Single by K Camp featuring 2 Chainz

from the album In Due Time
- Released: December 19, 2013
- Recorded: 2013
- Genre: Hip hop, trap
- Length: 4:03
- Label: FTE; 4.27 Music Group; Interscope;
- Songwriters: Kristopher Campell; Tauheed Epps;
- Producer: Will-A-Fool

K Camp singles chronology
| "Money Baby" (2013) | "Cut Her Off" (2013) | "Turn Up For a Check" (2014) |

2 Chainz singles chronology
| "All Me" (2013) | "Cut Her Off" (2013) | "Only That Real" (2014) |

Music video
- "Cut Her Off" on YouTube

= Cut Her Off =

2013 single by K Camp featuring 2 Chainz

"Cut Her Off" (also known as "Cut That Bitch Off") is song by American rapper K Camp with a guest appearance from fellow Atlanta rapper 2 Chainz. It was co-written by both artists and produced by Will-A-Fool. It was released on December 11, 2013 as the first single from his debut EP In Due Time. "Cut Her Off" peaked at number five on the Billboard Hot Rap Songs chart and number 49 on the Hot 100.

== Critical reception ==
"Cut Her Off" was met with generally positive reviews from music critics. Complex named it the forty-first best song of the first half of 2014. In his review, Justin Davis said, "K Camp has started the year with a number of hits, but 'Cut Her Off' is undoubtedly his catchiest. The song's subject matter is simple enough—Camp is fed up with the stress from clingy women—but his melodies grab the listener to repeat his rebellious verses verbatim. It's literally the rap version of Beyoncé's 'Irreplaceable'. Add in an equally wacky 2 Chainz verse and 'Cut Her Off' is easily the breakup anthem of the year."

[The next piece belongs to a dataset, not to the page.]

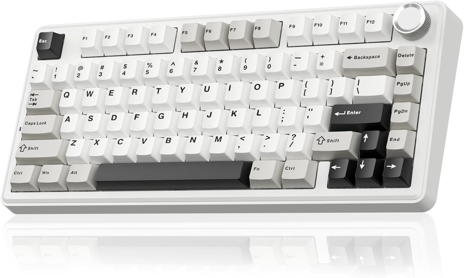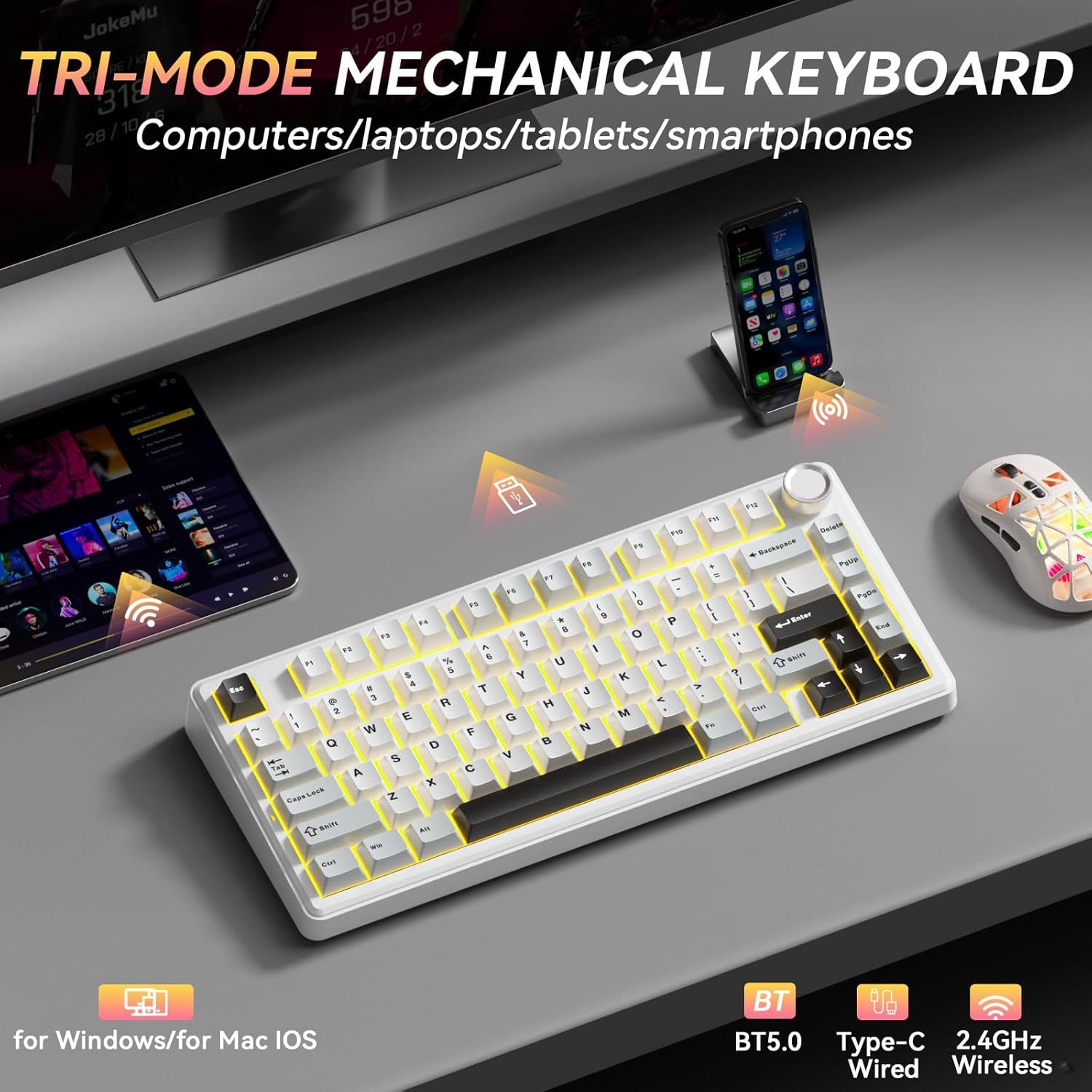 SOLAKAKA A75 75% Wireless Mechanical Keyboard, Hot Swappable Gaming Keyboard with Multifunction Knob & RGB, Gasket Mounted Creamy Keyboard, PBT Keycaps, Compact Layout for Win/Mac/PC

==Commercial performance==
"Cut Her Off" debuted at number 89 on the Billboard Hot 100 the week of April 26, 2014. Ten weeks later, it peaked at number 49 on the week of July 5, 2014. It spent a total of twenty weeks on the chart.

==Music video==
Directed by Alex Nazari, the song's music video features K Camp being harassed by various women, while he ignores them. In the middle part, K Camp answers a payphone call from 2 Chainz asking him to come to a restaurant. He enters through the back of the kitchen and meets with 2 Chainz who's eating with a bunch of women at the table. The video premiered on the artist's YouTube page on May 21, 2014.

== Remix ==
The official remix to "Cut Her Off" features Lil Boosie, Too Short and YG. The music video for the official remix was released on July 15, 2014. In the video, the three rappers stunt on a set surrounded by nice cars and a group of women.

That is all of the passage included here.